There are five circumstances that must be met for an employer to use the fluctuating workweek method to compute an employee's regular rate and overtime pay: (1) the employee's hours must fluctuate from week to week; (2) the employee must be paid a fixed salary that does not vary with the number of hours worked (though the new rule states that employers using the fluctuating workweek method may take occasional disciplinary deductions from an employee's salary for willful absences or tardiness or for infractions of major work rules); (3) the fixed salary must satisfy the minimum wage; (4) the employer and employee must have a clear mutual understanding that the fixed salary is compensation (apart from overtime premiums) for whatever hours the employee works each week; and (5) the employee must receive overtime compensation for all overtime hours worked in a week at a rate of not less than one-half the employee's regular rate for that week.

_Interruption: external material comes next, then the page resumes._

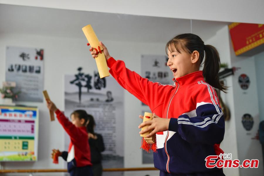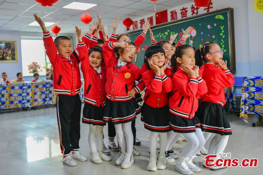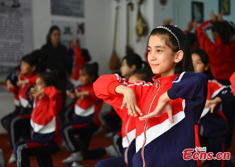 Students from poverty-stricken families perform in a class at a community in Saybag District, Urumqi City. Local authorities are offering free courses on art and culture to enhance the education of children from poor families. (Photo: China News Service/Zhang Xinglong)
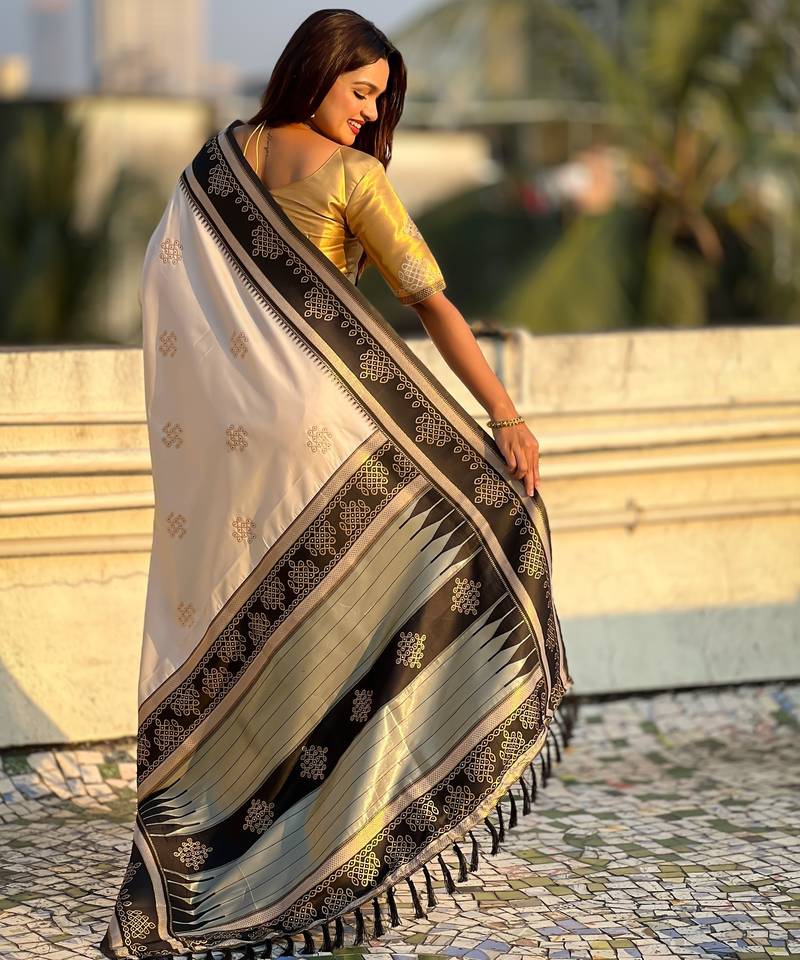 Cream border traditional butti & geometric zari work rich woven pallu design

Before the new rule, the DOL's position on the fluctuating workweek method had shifted over time, and courts took varying positions. Some concluded that any supplemental payments to an employee above the employee's salary are incompatible with the fluctuating workweek method because that would violate the requirement that the employee be paid a "fixed amount" each week. Other courts concluded that supplemental payments based on an employee's productivity (such as commissions) are compatible with the fluctuating workweek method, but supplemental payments based on an employee's hours worked (such as night-shift premiums) are not. Still other courts ruled that the fluctuating workweek method is available only to employees who sometimes work less than 40 hours in a week, which the new rule disavows.
If a fluctuating workweek employee receives a bonus or other incentive compensation, such payments must be included in calculating the employee's regular rate for overtime purposes, unless the payment qualifies for exclusion under the FLSA.
The fluctuating workweek rule should make it easier for employers to use flexible work schedules, particularly as many employers seek to promote social distancing during the COVID-19 pandemic by staggering employees' shifts or otherwise varying work schedules.
As these rules demonstrate, the DOL Wage and Hour Division has been very busy. Employers should ensure that their compensation practices continue to comply with the law as it evolves.